- _ACTIVITY_:
Exclude the pictures, then copy all remaining records exactly.

- _RECORDS_:
__________________________________________________

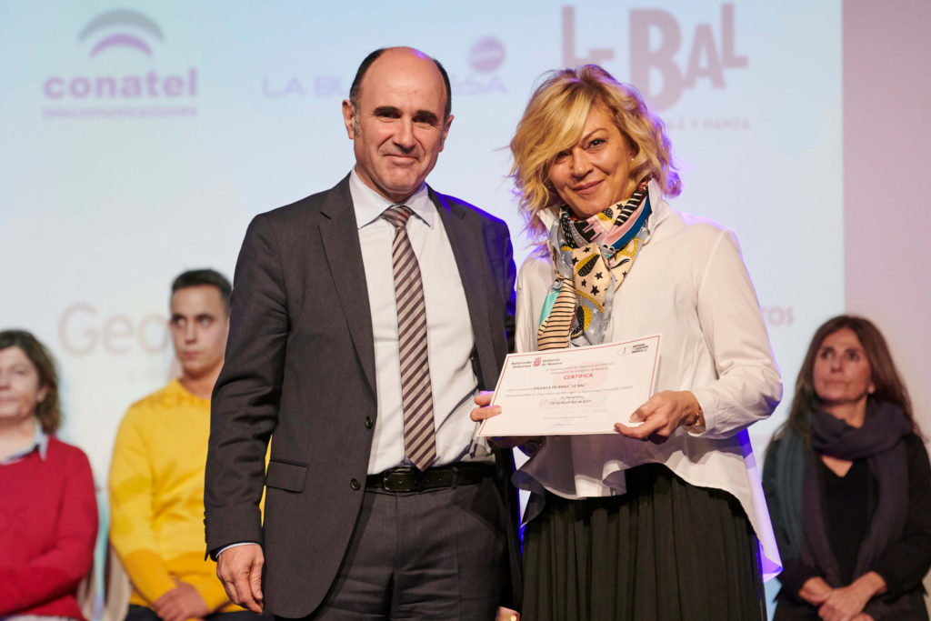Paqui Fernández, como gerente de La Escuela de baile y danza Le Bal, recibió hace unas semanas y de manos del consejero de Desarrollo Económico y Empresarial, Manu Ayerdi, el diploma acreditativo de que Le Bal ha desarrollado el diagnóstico de Responsabilidad Social Empresarial según la metodología innovaRSE del Gobierno de Navarra.
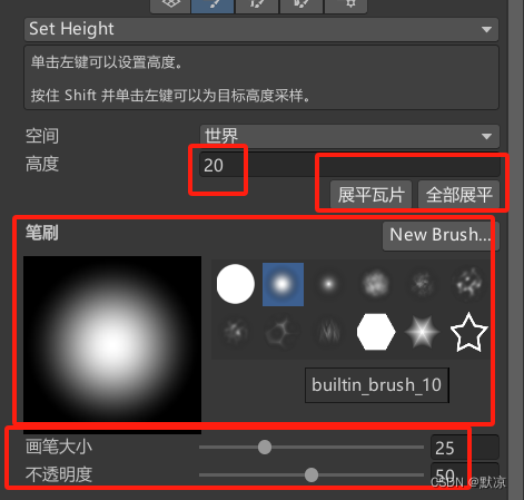 地形创建:在层级中右键创建地形。 当前视角同步到相机(对齐视图):Ctrl + shift + F 注意:需要选中摄像机 太大了,调小一点。 高或低的平面 洞 山脉 Shift + 左键 是降低。 地形纹理绘制 绘制树 绘制草
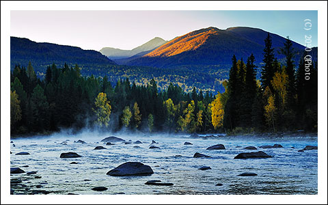 喀納斯位於新疆北部的阿爾泰山中段,地處中國與哈薩克斯坦、俄羅斯、蒙古國接壤的黃金地帶,自然生態景觀和人文景觀始終保持著原始風貌而被譽為“人間淨土”,而喀納斯湖有“世界上最美麗的湖泊”的美譽。喀納斯的風景四季不同、隨氣候變化而氣象萬千,秋天的喀納斯層林盡染、水色碧玉。正如一位聯合國官員所說:“這裡是地球上最後一塊未被開發的地方,她的存在證明人類過去有著無比美好的棲身地”。
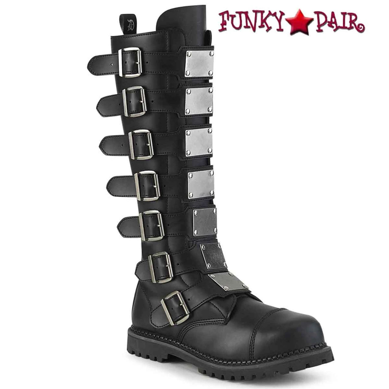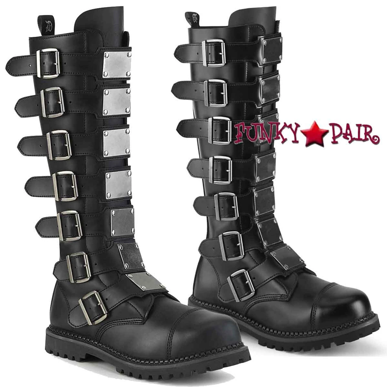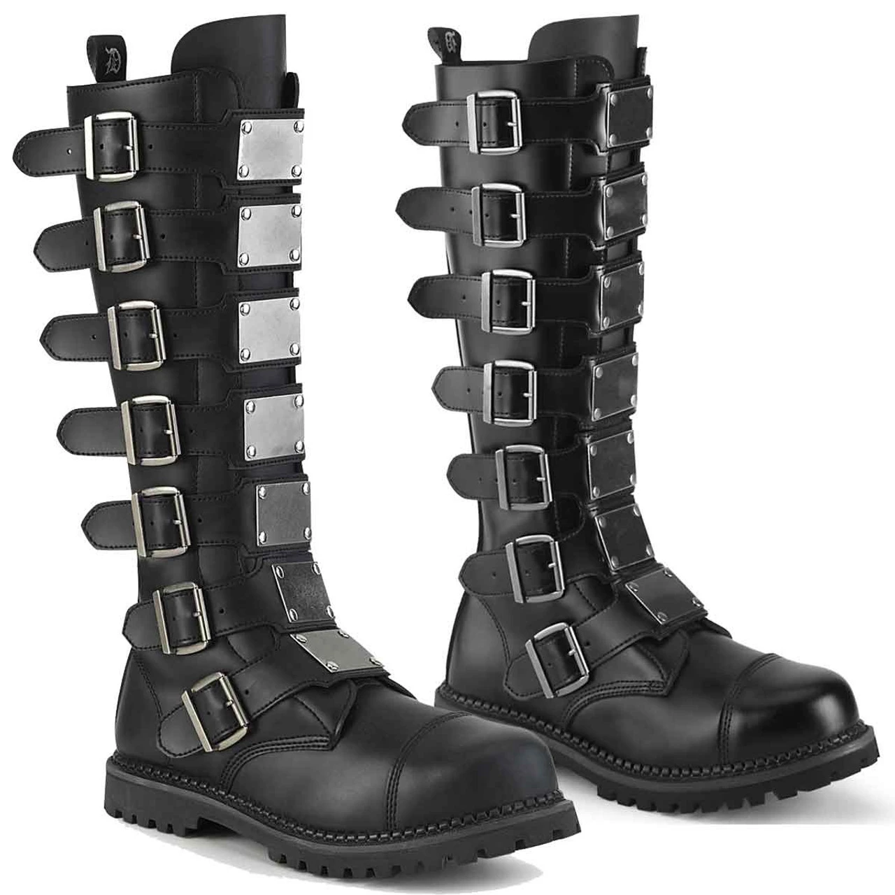 Demonia Unisex Leather Steel Toe Knee Boot Featuring Multiple Buckles & Front Metal Plates, Rubber Sole, Full Length Inside Zip Closure
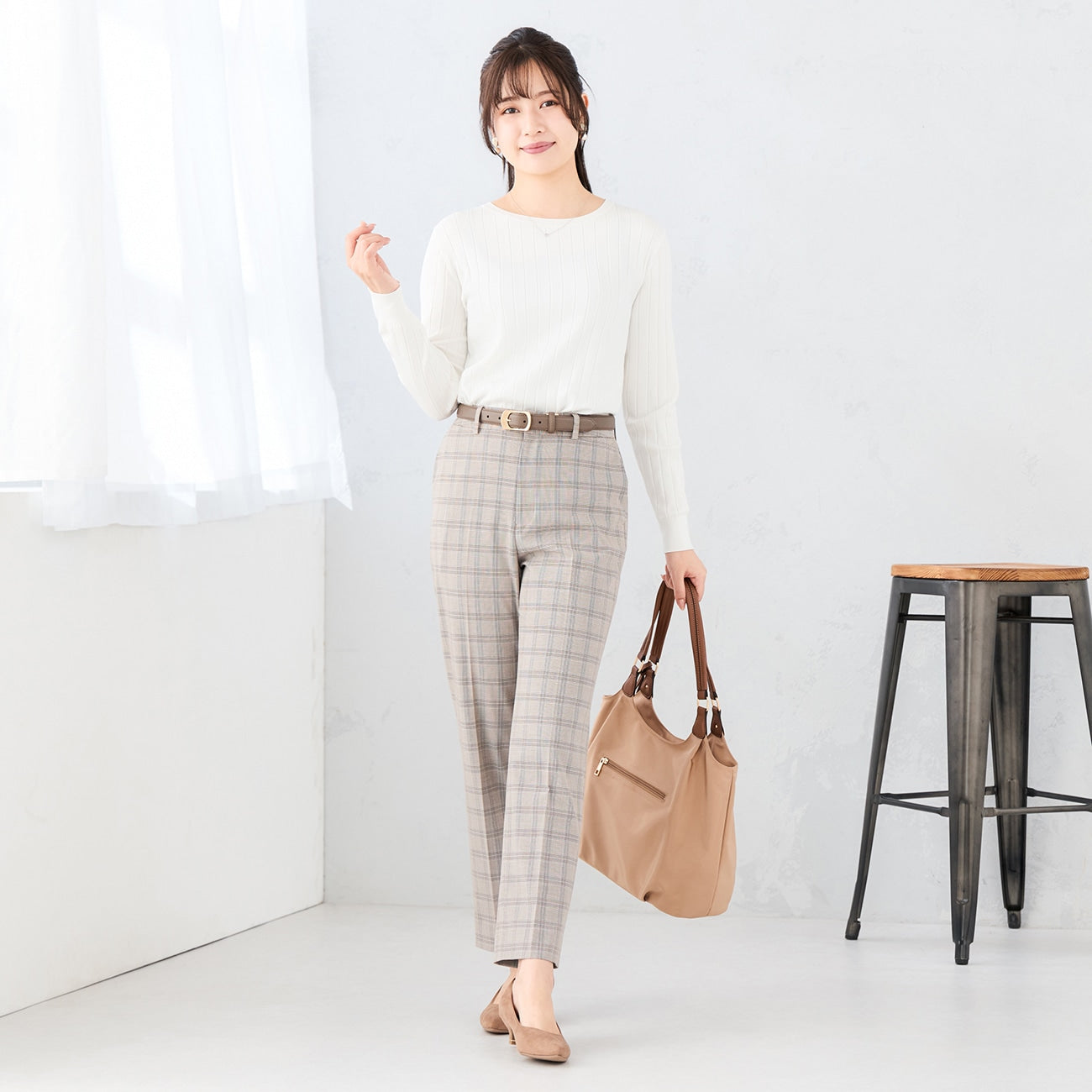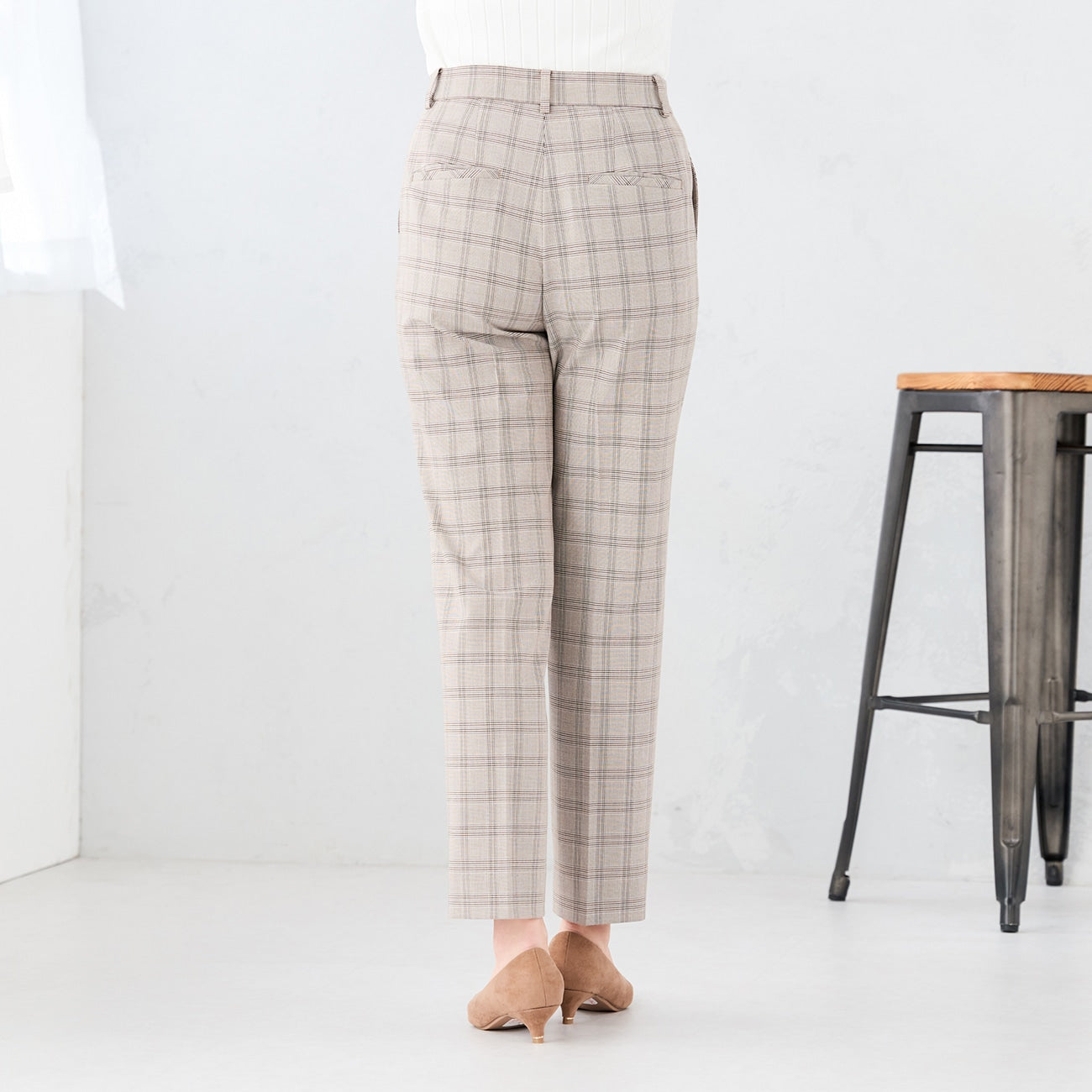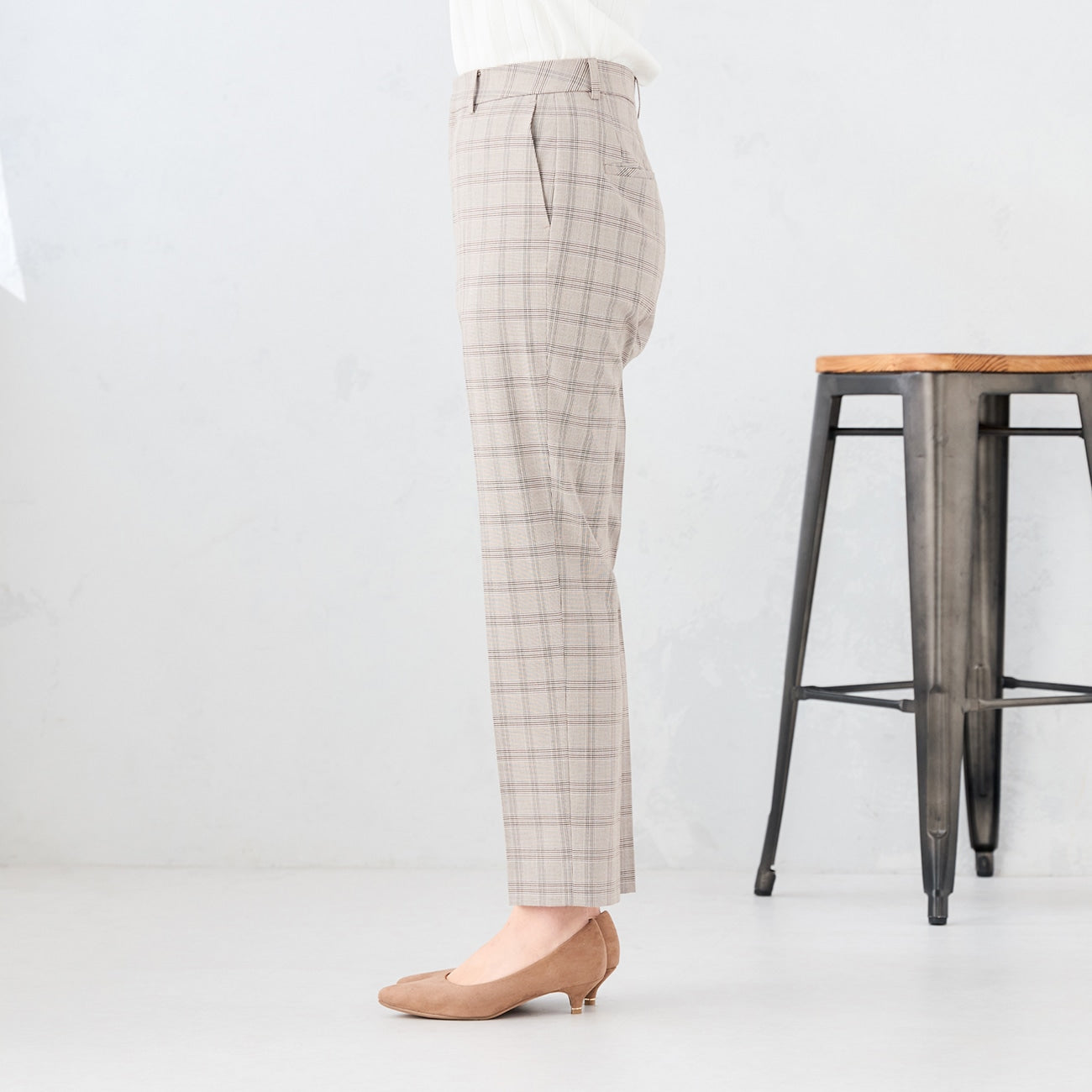弹力格纹直筒西装裤 灰米

__________________________________________________

- _EXERCISE SOLUTION_:
Paqui Fernández, como gerente de La Escuela de baile y danza Le Bal, recibió hace unas semanas y de manos del consejero de Desarrollo Económico y Empresarial, Manu Ayerdi, el diploma acreditativo de que Le Bal ha desarrollado el diagnóstico de Responsabilidad Social Empresarial según la metodología innovaRSE del Gobierno de Navarra.
 地形创建:在层级中右键创建地形。 当前视角同步到相机(对齐视图):Ctrl + shift + F 注意:需要选中摄像机 太大了,调小一点。 高或低的平面 洞 山脉 Shift + 左键 是降低。 地形纹理绘制 绘制树 绘制草
 喀納斯位於新疆北部的阿爾泰山中段,地處中國與哈薩克斯坦、俄羅斯、蒙古國接壤的黃金地帶,自然生態景觀和人文景觀始終保持著原始風貌而被譽為“人間淨土”,而喀納斯湖有“世界上最美麗的湖泊”的美譽。喀納斯的風景四季不同、隨氣候變化而氣象萬千,秋天的喀納斯層林盡染、水色碧玉。正如一位聯合國官員所說:“這裡是地球上最後一塊未被開發的地方,她的存在證明人類過去有著無比美好的棲身地”。
 Demonia Unisex Leather Steel Toe Knee Boot Featuring Multiple Buckles & Front Metal Plates, Rubber Sole, Full Length Inside Zip Closure
弹力格纹直筒西装裤 灰米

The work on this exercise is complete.